> _EXERCISE_
From the records below, print only the part that opens with the line containing "前三甲产生后,在球场上举行了" and closes with the line containing "- Dodatkowe korzyści: Możliwość"; omit the pictures.

> _DATASET_
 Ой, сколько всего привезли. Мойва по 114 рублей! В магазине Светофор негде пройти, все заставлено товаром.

--

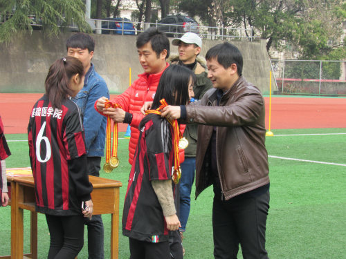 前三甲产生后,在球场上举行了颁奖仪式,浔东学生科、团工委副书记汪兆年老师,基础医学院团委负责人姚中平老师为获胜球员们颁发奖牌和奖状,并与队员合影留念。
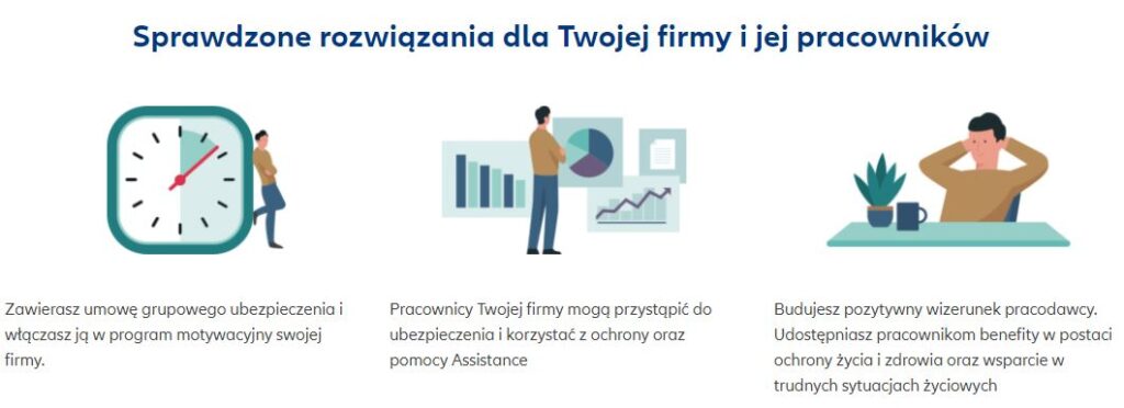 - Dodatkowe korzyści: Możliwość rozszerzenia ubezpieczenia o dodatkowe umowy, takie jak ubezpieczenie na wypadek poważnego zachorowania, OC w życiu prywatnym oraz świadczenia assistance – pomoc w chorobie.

> _EXERCISE SOLUTION_
 前三甲产生后,在球场上举行了颁奖仪式,浔东学生科、团工委副书记汪兆年老师,基础医学院团委负责人姚中平老师为获胜球员们颁发奖牌和奖状,并与队员合影留念。
 - Dodatkowe korzyści: Możliwość rozszerzenia ubezpieczenia o dodatkowe umowy, takie jak ubezpieczenie na wypadek poważnego zachorowania, OC w życiu prywatnym oraz świadczenia assistance – pomoc w chorobie.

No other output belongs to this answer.